[Opening Dataset content section]

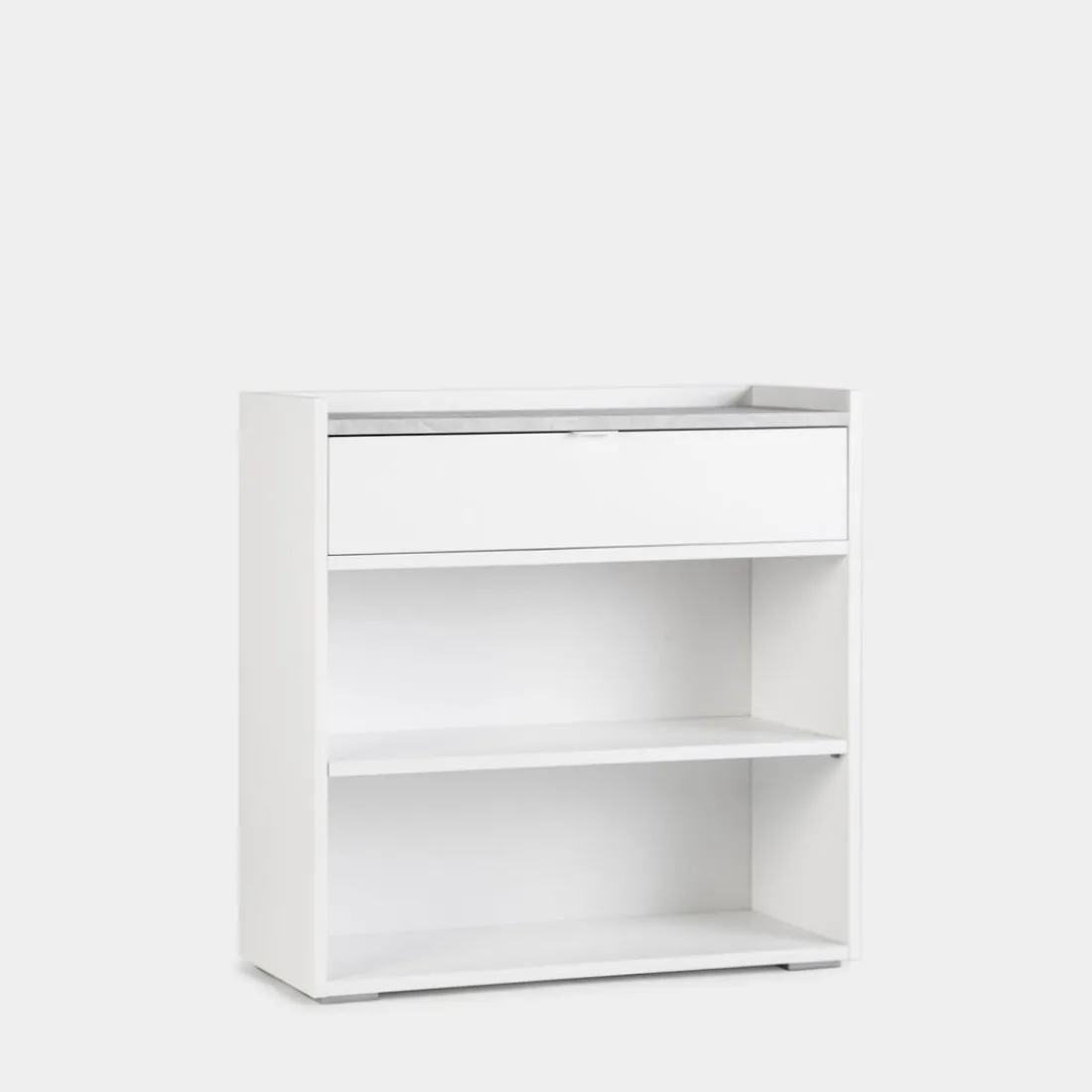 La consola Siena, es la elegancia en estado puro.Es una pieza de diseño propio creada por el equipo de Klast Home.De estilo nórdico este mueble recibidor dispone de un cajón superior dónde guardar aquello que desees, como las llaves o la correspondencia.Además dispone de una balda ideal para poder almacenar tus accesorios o libros. Tiene mucha capacidad.Cuando hablamos de Siena, hablamos de diseño en mayúsculas, una de sus características más destacables, es su sobre con efecto marmolado, sin duda un detalle que derrocha estilo. Visita el resto de la colección y completa el look.Para mayor estabilidad del mueble, aconsejamos su anclaje a pared.
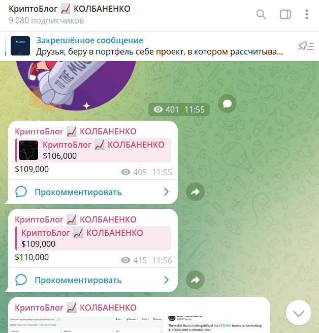 Известный проект в Телеграмме «Криптоблог Колбаненко» посвящен обучениям заработку на финансовых инвестициях. Инвестор предлагает пользователям разные инструменты, которые помогут покупать и продавать криптовалюту на рынке. Опытный и профессиональный трейдер утверждает, что его торговые сигналы принесут прибыль ученикам. Администратор одноименного канала уверяет, что его методы работают, и он обещает обучить каждого.
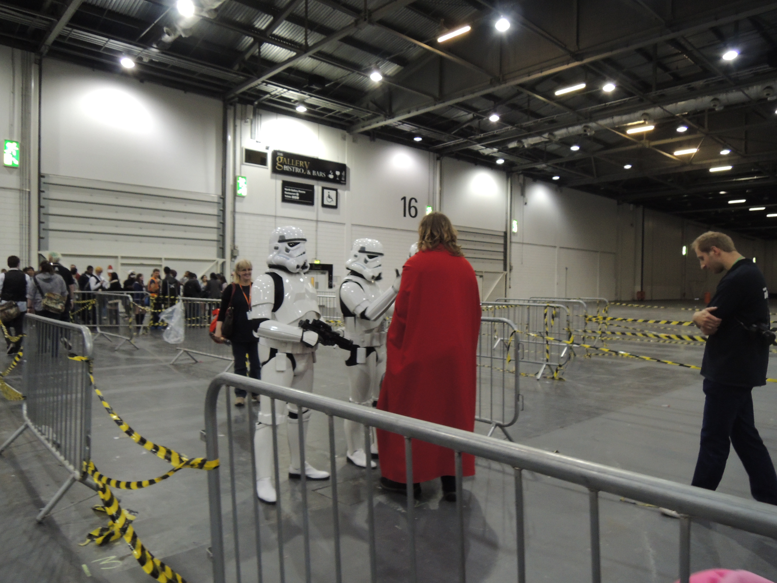 So I didn’t go out that day, and I was in central London the whole of Saturday, so at around 10.30AM in the morning on Sunday (the doors to Comic Con opened at 11AM), Kenzie drove me to London Excel at Royal Victoria Dock where Comic Con/Vidfest was. And let me tell you, the place was full of all kinds of cosplayers. Followers of my twitter would know what I’m talking about since I was tweeting the entire time I was queuing up for the tickets. And it was a long queue- like, really, really, really, REALLY long. But it was a fun queue because I was exclaiming internally whenever I saw a particularly interesting cosplay. There were people dressed as Star Wars Imperial Stormtroopers, interrogating people (humorously) before they joined the queue and one of these people so happened to be a Thor cosplayer. It was hilarious. There were people cosplaying characters from Super Mario, Adventure Time, even Wreck-It Ralph (I was fangirling so hard) and Harry Potter and it was so cool and some were holding signs saying “FREE HUGS” and strangers were high fiving each other and god bless conventions like these.
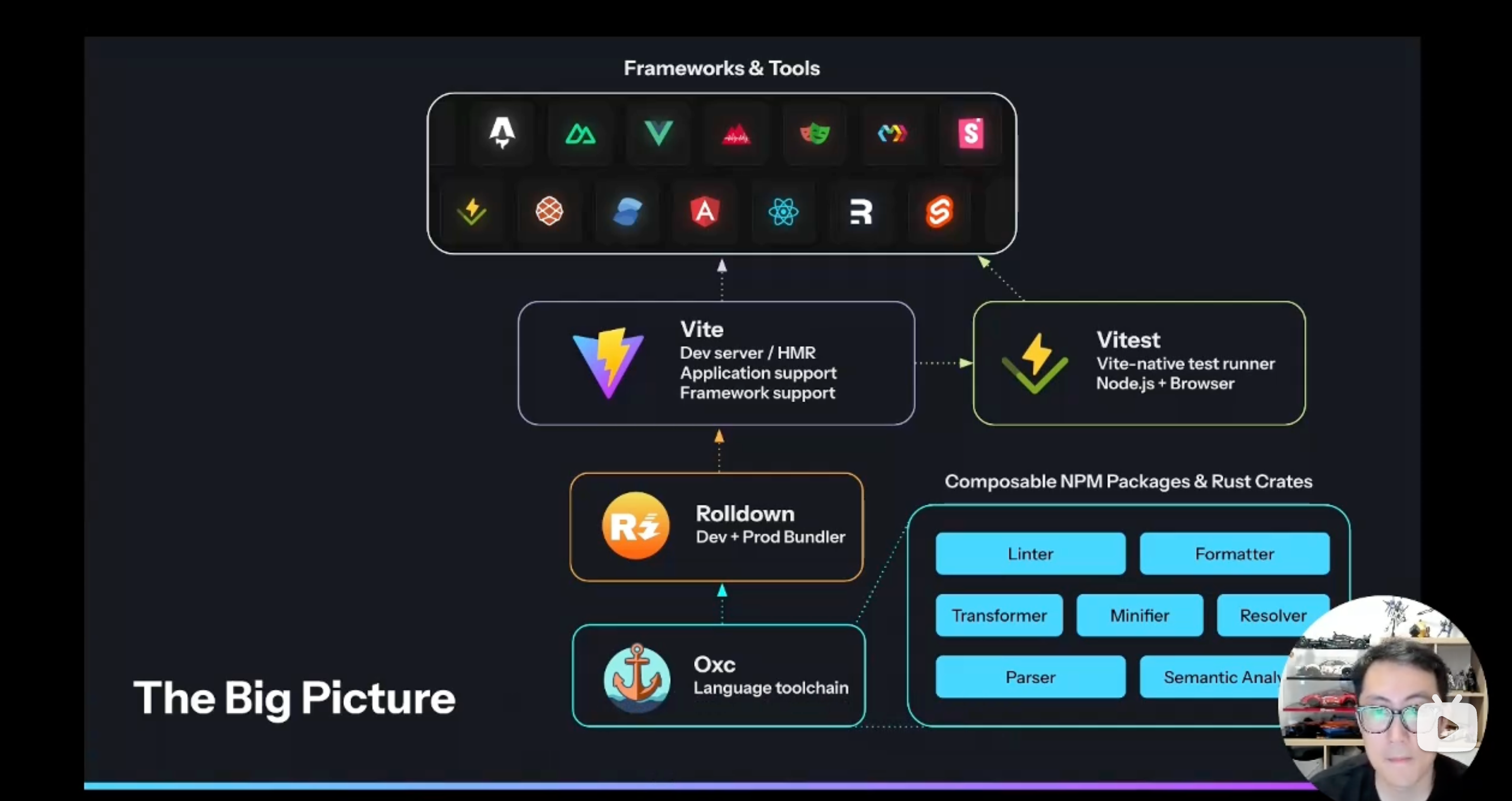 而Rolldown所扮演的角色是将 Oxc提供的这些工具整合起来,然后提供给Vite去使用。对于开发者来说无需去了解那么多工具的配置,只需要去搞清楚Vite的配置即可,大大减少了开发者的心智负担。

[Closing Dataset content section]

Reproduce the material above from its first line through the line containing "Известный проект в", both ends included, and skip every picture.

Answer to this exercise ::
 La consola Siena, es la elegancia en estado puro.Es una pieza de diseño propio creada por el equipo de Klast Home.De estilo nórdico este mueble recibidor dispone de un cajón superior dónde guardar aquello que desees, como las llaves o la correspondencia.Además dispone de una balda ideal para poder almacenar tus accesorios o libros. Tiene mucha capacidad.Cuando hablamos de Siena, hablamos de diseño en mayúsculas, una de sus características más destacables, es su sobre con efecto marmolado, sin duda un detalle que derrocha estilo. Visita el resto de la colección y completa el look.Para mayor estabilidad del mueble, aconsejamos su anclaje a pared.
 Известный проект в Телеграмме «Криптоблог Колбаненко» посвящен обучениям заработку на финансовых инвестициях. Инвестор предлагает пользователям разные инструменты, которые помогут покупать и продавать криптовалюту на рынке. Опытный и профессиональный трейдер утверждает, что его торговые сигналы принесут прибыль ученикам. Администратор одноименного канала уверяет, что его методы работают, и он обещает обучить каждого.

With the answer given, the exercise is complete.